◆ Task
Return the listing exactly. Keep no pictures.

******************************

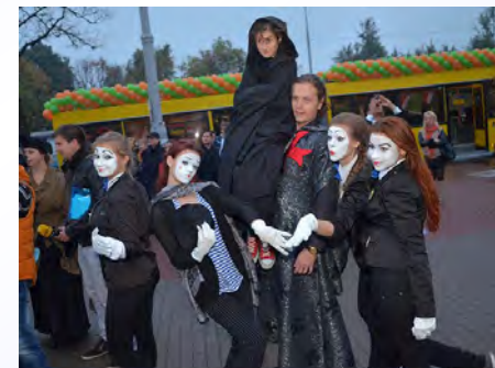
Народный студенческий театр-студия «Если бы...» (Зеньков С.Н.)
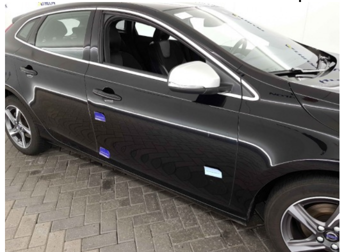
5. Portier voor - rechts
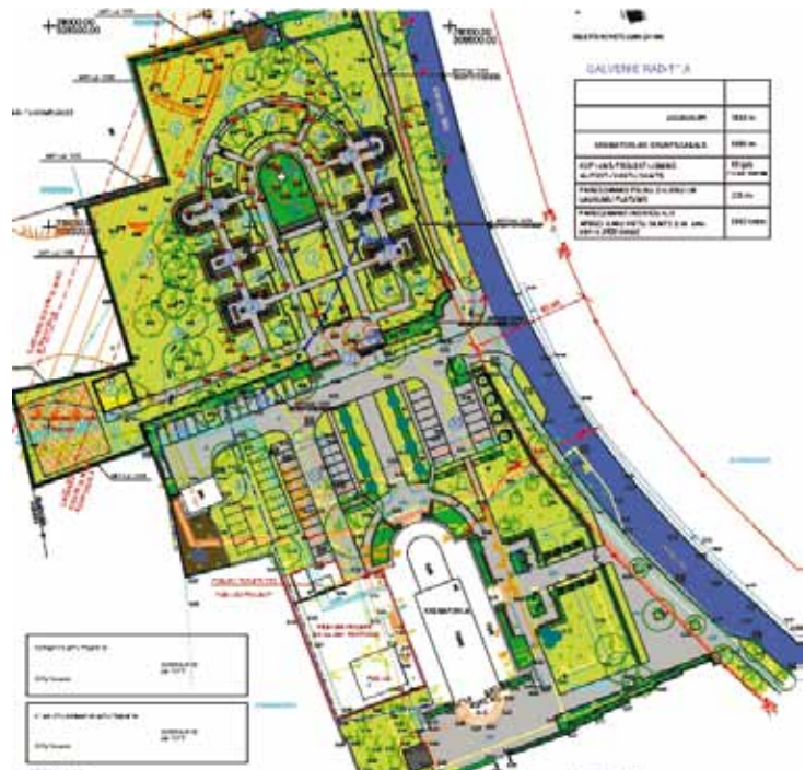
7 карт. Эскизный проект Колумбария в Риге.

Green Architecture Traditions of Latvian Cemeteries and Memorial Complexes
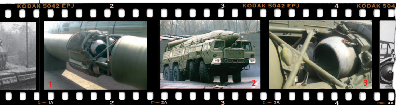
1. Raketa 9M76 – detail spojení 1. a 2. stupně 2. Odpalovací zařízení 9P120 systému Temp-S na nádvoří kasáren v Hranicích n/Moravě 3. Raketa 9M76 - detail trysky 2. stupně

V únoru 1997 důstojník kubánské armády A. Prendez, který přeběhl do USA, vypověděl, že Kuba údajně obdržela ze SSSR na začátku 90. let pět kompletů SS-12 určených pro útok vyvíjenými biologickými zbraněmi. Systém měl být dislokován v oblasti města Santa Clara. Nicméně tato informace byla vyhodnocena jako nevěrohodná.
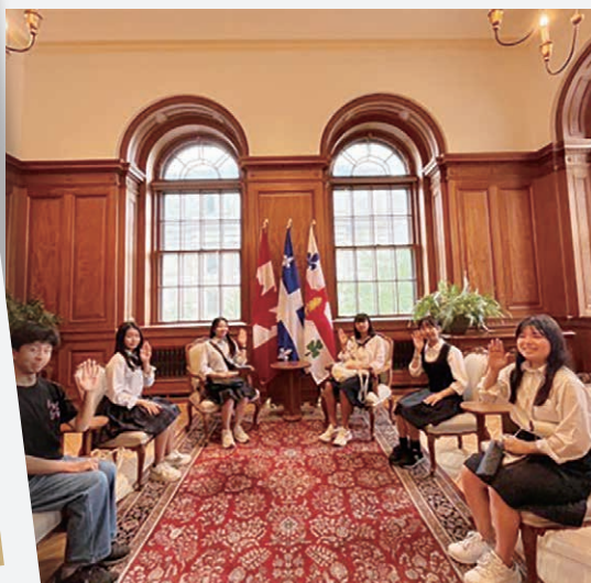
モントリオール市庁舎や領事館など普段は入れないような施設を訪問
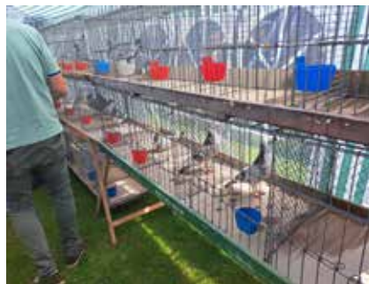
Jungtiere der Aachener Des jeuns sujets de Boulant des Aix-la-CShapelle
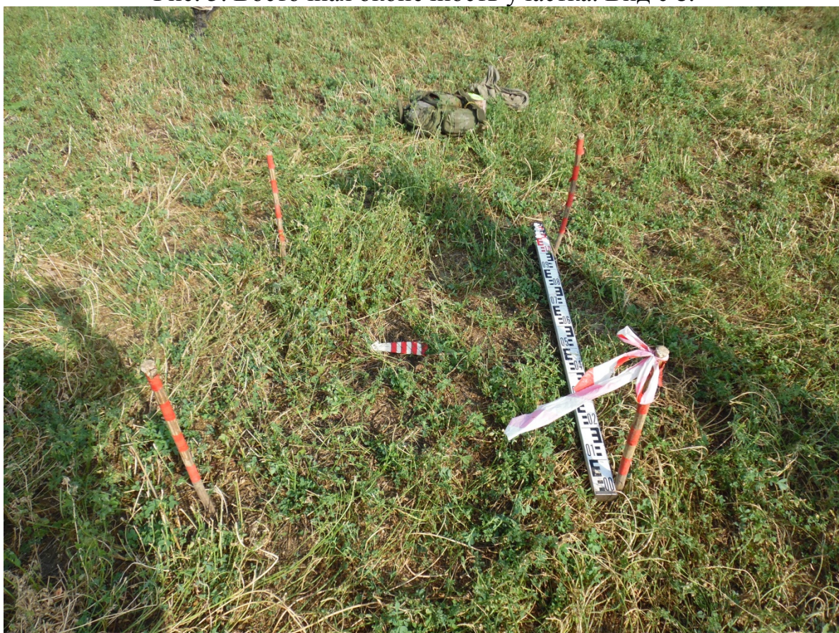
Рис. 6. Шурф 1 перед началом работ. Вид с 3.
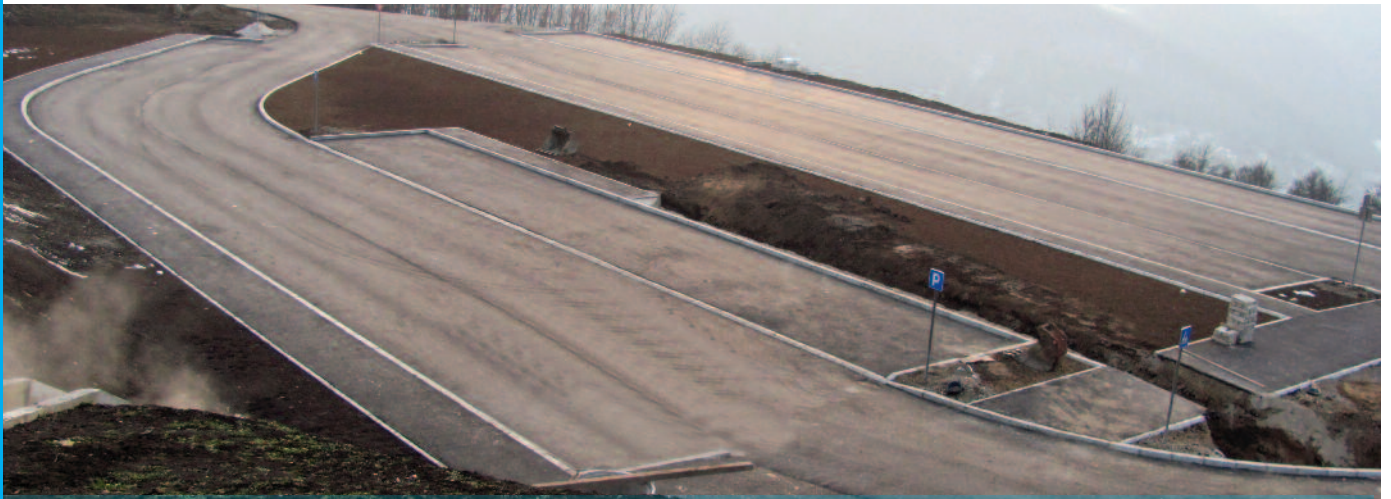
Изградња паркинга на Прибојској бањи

******************************

◆ Solution to this problem
Народный студенческий театр-студия «Если бы...» (Зеньков С.Н.)
5. Portier voor - rechts
7 карт. Эскизный проект Колумбария в Риге.

Green Architecture Traditions of Latvian Cemeteries and Memorial Complexes
1. Raketa 9M76 – detail spojení 1. a 2. stupně 2. Odpalovací zařízení 9P120 systému Temp-S na nádvoří kasáren v Hranicích n/Moravě 3. Raketa 9M76 - detail trysky 2. stupně

V únoru 1997 důstojník kubánské armády A. Prendez, který přeběhl do USA, vypověděl, že Kuba údajně obdržela ze SSSR na začátku 90. let pět kompletů SS-12 určených pro útok vyvíjenými biologickými zbraněmi. Systém měl být dislokován v oblasti města Santa Clara. Nicméně tato informace byla vyhodnocena jako nevěrohodná.
モントリオール市庁舎や領事館など普段は入れないような施設を訪問
Jungtiere der Aachener Des jeuns sujets de Boulant des Aix-la-CShapelle
Рис. 6. Шурф 1 перед началом работ. Вид с 3.
Изградња паркинга на Прибојској бањи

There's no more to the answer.